例えば進行管理をするとき、はじめはつい一つひとつの案件がスケジュール通りに進んでいるかということだけに目が行きがちでした。ですがスケジュールがこの日程になっている根拠のようなものを考えると、「ローンチ日がここで、工程から逆算してバッファがこれだけあるから少し余裕があるな」といったことが見えてきます。
制作進行管理で発生するタスク
こういった目線が生まれたことで、チームでの進捗確認ミーティング時に「ここは案件が立て込んでいるからこの案件についてはスケジュールを前倒ししたほうがいいのでは?」という相談ができたり、コーダーさんに優先順位付けをして作業をお願いできるようになりました。ただのスケジュール見張り番から時間をマネジメントする意識やスキルが身についていったように思います。

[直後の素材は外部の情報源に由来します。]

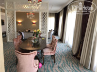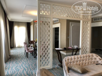Бронировал номер люкс 3 спальни + гостиная. Но по приезду Администрация сделала мне подарок повысив номер до максимального уровня - королевский Люкс. Номер на последнем 8 этаже, площадью 180 кВ.метров (3 спальни, гостиная , кухня) и огромная терраса с диванами, лежаками и столом со стульями площадью около 60 кВ.метров мебель в номере отличная. Обирали в номере 2 раза в день.

講義においては上記以外にも具体的な基礎知識を学べるものがありますし、「何を意識して業務にあたるとWEBディレクターとしてよりレベルアップするのか」といった視点を与えてくれるものも多くありました。日々の業務と連携させながら考えることで、知識×マインドセット×業務実践のサイクルをまわし、短期間で大幅に経験値アップできたように思います。

とにかく大いに助けられた…。Webディレクター新人研修を受けてよかったこと

未経験を受け入れてくれる研修では、「わかりません!教えてください!!」を堂々と言えることが本当にありがたいです。かなり基礎的なことから業界用語のニュアンスなど、プロジェクトのチームメンバーに言うのがはばかられたとしても、講義で講師の方に「実はここがわからない…」と相談できます。気兼ねなく質問・相談できる場所があるというのはそれだけで安心できます。
またチームの先輩方も、「電話の後は絶対にメールで内容確認してエビデンス残す」「このアプリ入れておくと効率上がるよ」などの現場ならではのアドバイスをたくさんくださるので大いに学ばせていただきました。

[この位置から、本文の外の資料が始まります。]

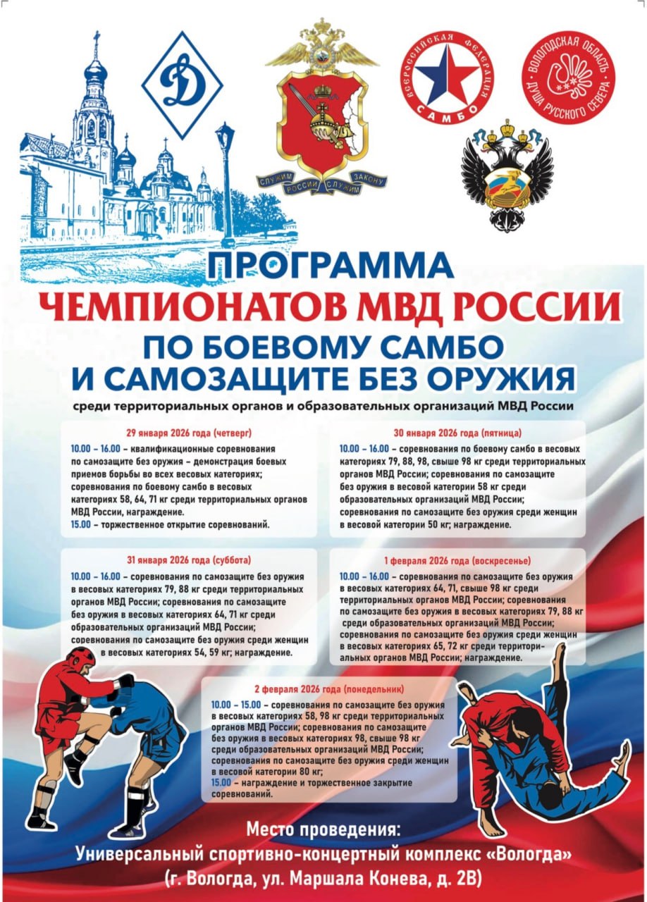 Вологда готовится принять одно из самых зрелищных событий в мире силовых видов спорта – чемпионат МВД России по боевому самбо и самозащите без оружия.

研修期間中にオフィス勤務にもだいぶ慣れ、現在は常駐先で観光庁の多言語整備案件の事務局として進行管理を主にしています。「Webがわかる人」としてスポット的に医療系のサイト制作や公共系のWEB関連案件の企画提案の案件でもお声がけ頂くことも。研修中に身に着けた進行管理やコミュニケーションのスキルはどの現場においても有用なので、ありがたいことに常駐先でも評価をいただけているようです。

WEB業界をご検討の方、キャリアチェンジはもちろん大変ですが、新しい世界は新鮮ですし、何を身に着けるべきかという視点をもって研修を有効活用すればスキルは確実に上がります。勇気をもって踏み出してみてください。